Hysteresis with elsewhen

elsewhen chains mutually exclusive switching conditions. A thermostat with a hysteresis band:

model Thermostat "Bang-bang temperature control with hysteresis"
  parameter Real T_set = 21.0 "Setpoint [degC]";
  parameter Real band = 1.0 "Hysteresis half-width [degC]";
  parameter Real T_amb = 5.0 "Outside temperature [degC]";
  parameter Real tau = 600.0 "Thermal time constant [s]";
  parameter Real heat = 0.02 "Heater authority [degC/s]";
  Real T(start = 15.0) "Room temperature [degC]";
  Boolean on(start = true) "Heater state";
equation
  der(T) = (T_amb - T) / tau + (if on then heat else 0.0);
  when T > T_set + band then
    on = false;
  elsewhen T < T_set - band then
    on = true;
  end when;
  annotation(experiment(StopTime = 7200.0, Solver = "rk-like"));
end Thermostat;

This model pins Solver = "rk-like" in its experiment annotation: the explicit solver handles its rapid relay switching robustly, while the default implicit solver can currently stall on it (see Solvers and Accuracy).

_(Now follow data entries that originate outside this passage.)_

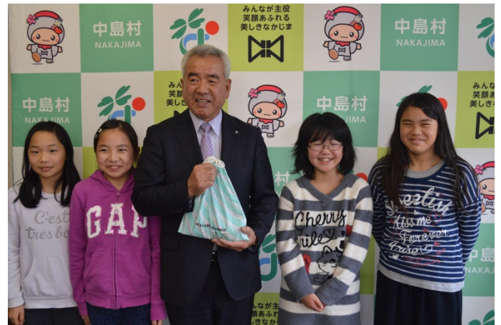
滑津小学校企画委員会の代表

保育所や幼稚園、各学校から毎年募金が寄せられており、今年も各代表の子供たちが募金をもってきてくれました。
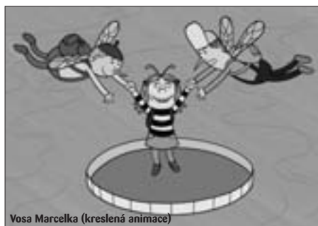
Vosa Marcelka (kreslená animace)
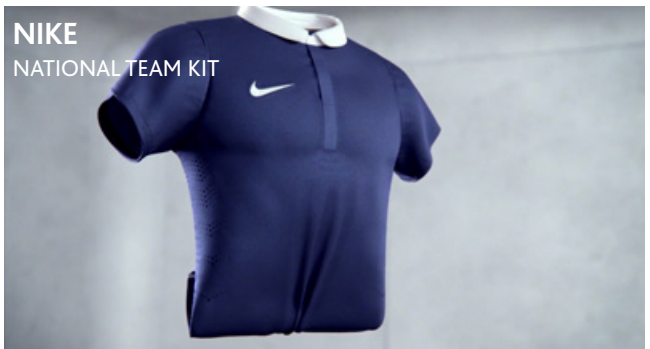
NIKE NATIONAL TEAM KIT
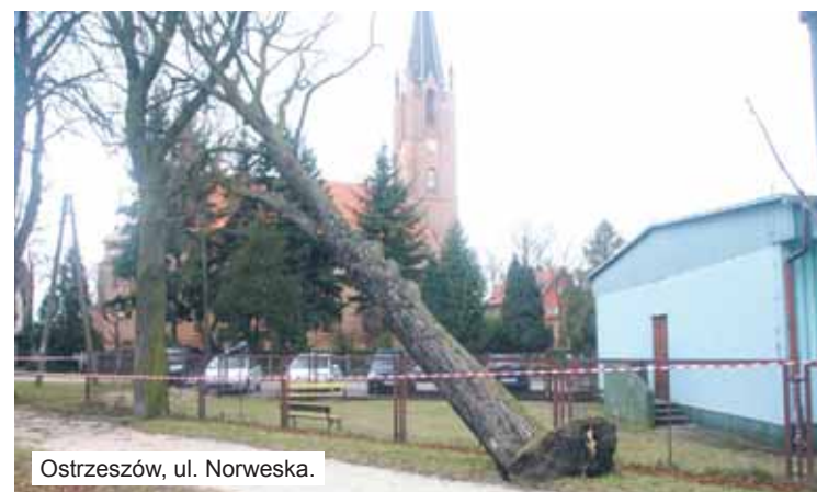
Ostrzeszów, ul. Norweska.
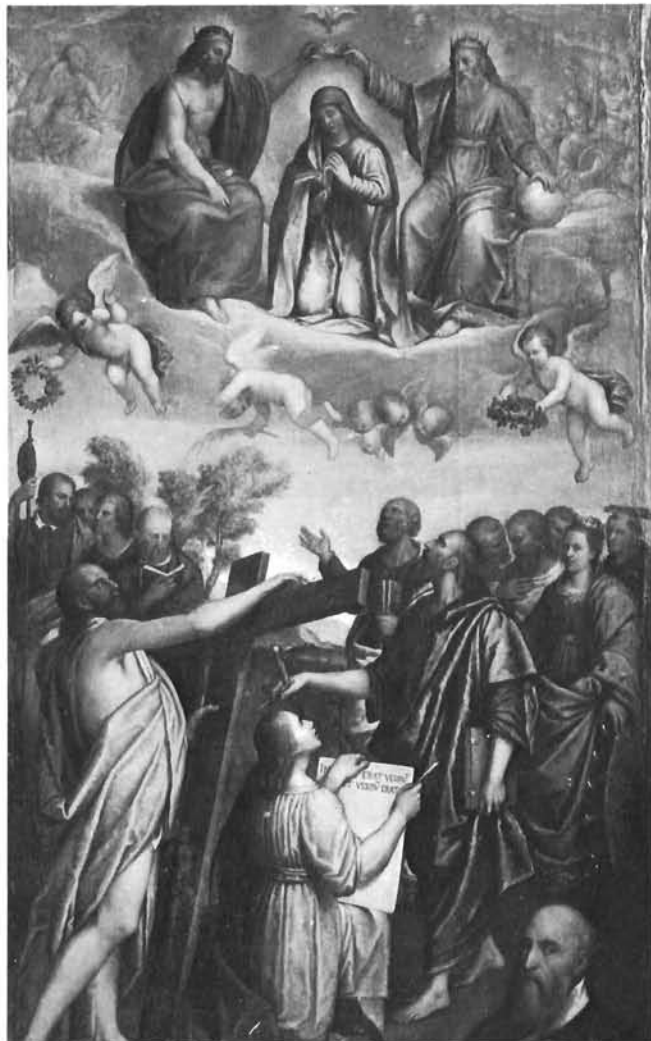
Bernardino Licinio, oltarna pala . Strossmayerova galerija, Zagreb
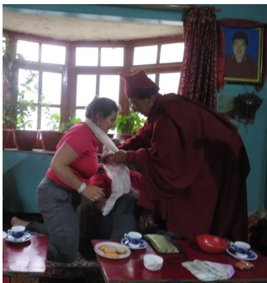
Une nonne de Pishu remet une katak en signe de remerciement
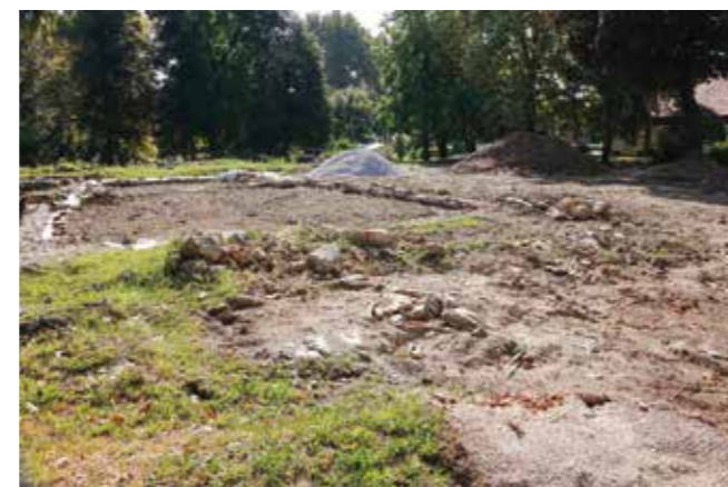
Lokalitet Stari grad Ivanec proglašen je zaštićenim kulturnim dobrom od nacionalnog značaja

Conditional Expressions vs Events

An if-expression inside an equation (if on then heat else 0.0) also generates events at its switch points so the integrator never smears across a discontinuity. When a discontinuity is harmless and you want to suppress event handling, Modelica provides noEvent(...); smooth(...) asserts differentiability.

Things to Keep In Mind

  • when bodies relate discrete values; use reinit to restart continuous states.
  • pre(x) is only meaningful for discrete-valued variables or at event instants.
  • Event-heavy models simulate best with explicit solvers today; pin Solver = "rk-like" in the experiment annotation or pass --solver rk-like.